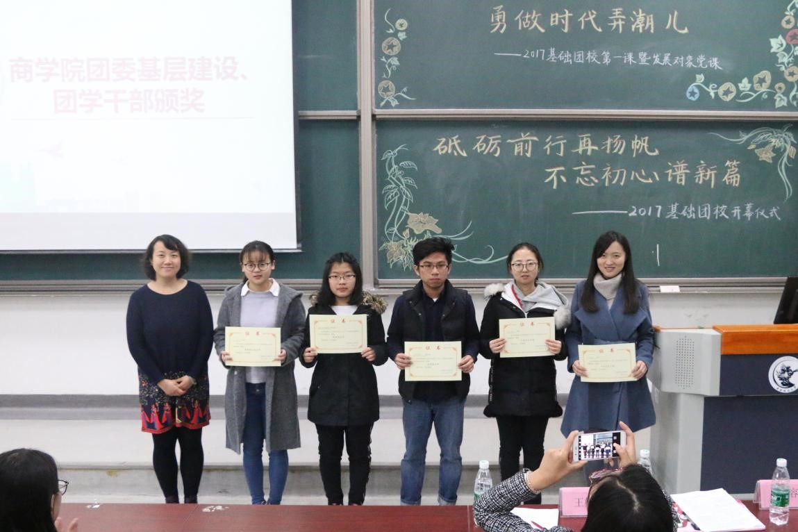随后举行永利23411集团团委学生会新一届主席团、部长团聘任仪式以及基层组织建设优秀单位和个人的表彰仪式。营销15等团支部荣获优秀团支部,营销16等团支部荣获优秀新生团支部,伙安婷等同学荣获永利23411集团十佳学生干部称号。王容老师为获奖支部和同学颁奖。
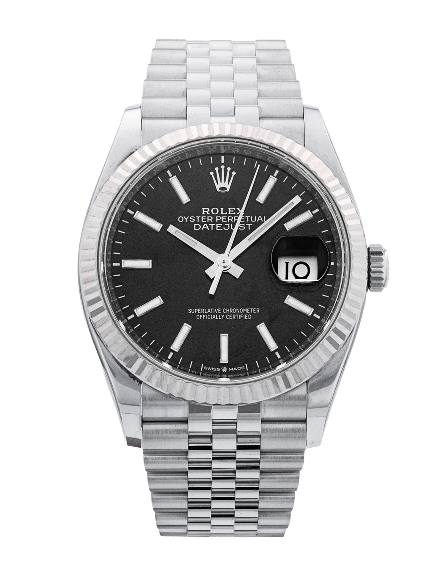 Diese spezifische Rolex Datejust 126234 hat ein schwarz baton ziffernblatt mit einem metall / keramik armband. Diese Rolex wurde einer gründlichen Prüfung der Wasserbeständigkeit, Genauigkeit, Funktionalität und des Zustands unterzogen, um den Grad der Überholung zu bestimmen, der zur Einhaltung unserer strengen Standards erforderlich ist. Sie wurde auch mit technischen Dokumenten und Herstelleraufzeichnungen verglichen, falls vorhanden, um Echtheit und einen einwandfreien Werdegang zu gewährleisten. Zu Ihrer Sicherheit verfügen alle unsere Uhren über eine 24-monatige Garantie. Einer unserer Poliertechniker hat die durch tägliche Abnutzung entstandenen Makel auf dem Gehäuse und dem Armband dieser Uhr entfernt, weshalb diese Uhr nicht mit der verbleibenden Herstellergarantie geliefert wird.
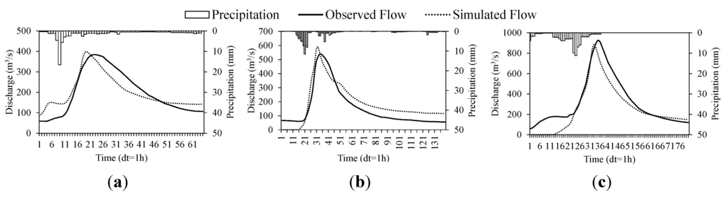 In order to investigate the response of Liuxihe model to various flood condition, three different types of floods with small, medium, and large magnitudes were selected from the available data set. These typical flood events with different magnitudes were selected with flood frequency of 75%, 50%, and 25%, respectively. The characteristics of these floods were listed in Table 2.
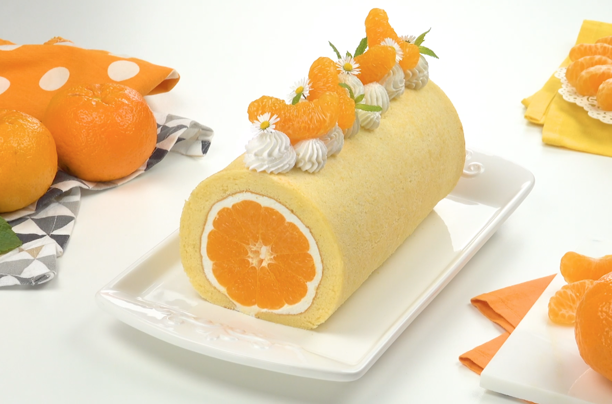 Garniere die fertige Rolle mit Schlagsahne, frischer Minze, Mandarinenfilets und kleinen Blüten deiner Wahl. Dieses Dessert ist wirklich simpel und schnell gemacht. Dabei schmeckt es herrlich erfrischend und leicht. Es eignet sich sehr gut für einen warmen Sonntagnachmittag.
--
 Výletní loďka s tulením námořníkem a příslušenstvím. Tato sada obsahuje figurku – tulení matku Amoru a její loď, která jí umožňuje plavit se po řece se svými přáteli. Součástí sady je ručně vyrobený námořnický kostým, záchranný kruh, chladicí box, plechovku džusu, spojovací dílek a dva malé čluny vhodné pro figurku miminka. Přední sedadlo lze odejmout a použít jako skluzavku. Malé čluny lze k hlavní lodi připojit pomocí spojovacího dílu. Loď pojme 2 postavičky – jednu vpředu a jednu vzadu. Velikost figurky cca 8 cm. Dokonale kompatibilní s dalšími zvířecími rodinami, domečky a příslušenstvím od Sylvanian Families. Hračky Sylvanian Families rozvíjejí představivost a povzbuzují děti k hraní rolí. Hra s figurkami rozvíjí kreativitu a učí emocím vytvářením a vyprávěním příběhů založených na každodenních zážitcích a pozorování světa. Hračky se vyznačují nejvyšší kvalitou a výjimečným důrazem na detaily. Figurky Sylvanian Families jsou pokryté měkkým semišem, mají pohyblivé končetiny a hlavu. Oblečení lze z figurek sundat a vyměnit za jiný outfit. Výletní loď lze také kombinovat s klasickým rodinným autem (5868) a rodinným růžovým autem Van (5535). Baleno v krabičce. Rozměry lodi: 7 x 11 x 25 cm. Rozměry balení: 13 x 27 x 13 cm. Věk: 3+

### TASK TO CARRY OUT
What to print is the stretch of entries from the line with "Diese spezifische Rolex" up to and including the line with "Garniere die fertige". Please print it exactly and leave out the pictures.

### ANSWER SECTION
 Diese spezifische Rolex Datejust 126234 hat ein schwarz baton ziffernblatt mit einem metall / keramik armband. Diese Rolex wurde einer gründlichen Prüfung der Wasserbeständigkeit, Genauigkeit, Funktionalität und des Zustands unterzogen, um den Grad der Überholung zu bestimmen, der zur Einhaltung unserer strengen Standards erforderlich ist. Sie wurde auch mit technischen Dokumenten und Herstelleraufzeichnungen verglichen, falls vorhanden, um Echtheit und einen einwandfreien Werdegang zu gewährleisten. Zu Ihrer Sicherheit verfügen alle unsere Uhren über eine 24-monatige Garantie. Einer unserer Poliertechniker hat die durch tägliche Abnutzung entstandenen Makel auf dem Gehäuse und dem Armband dieser Uhr entfernt, weshalb diese Uhr nicht mit der verbleibenden Herstellergarantie geliefert wird.
 In order to investigate the response of Liuxihe model to various flood condition, three different types of floods with small, medium, and large magnitudes were selected from the available data set. These typical flood events with different magnitudes were selected with flood frequency of 75%, 50%, and 25%, respectively. The characteristics of these floods were listed in Table 2.
 Garniere die fertige Rolle mit Schlagsahne, frischer Minze, Mandarinenfilets und kleinen Blüten deiner Wahl. Dieses Dessert ist wirklich simpel und schnell gemacht. Dabei schmeckt es herrlich erfrischend und leicht. Es eignet sich sehr gut für einen warmen Sonntagnachmittag.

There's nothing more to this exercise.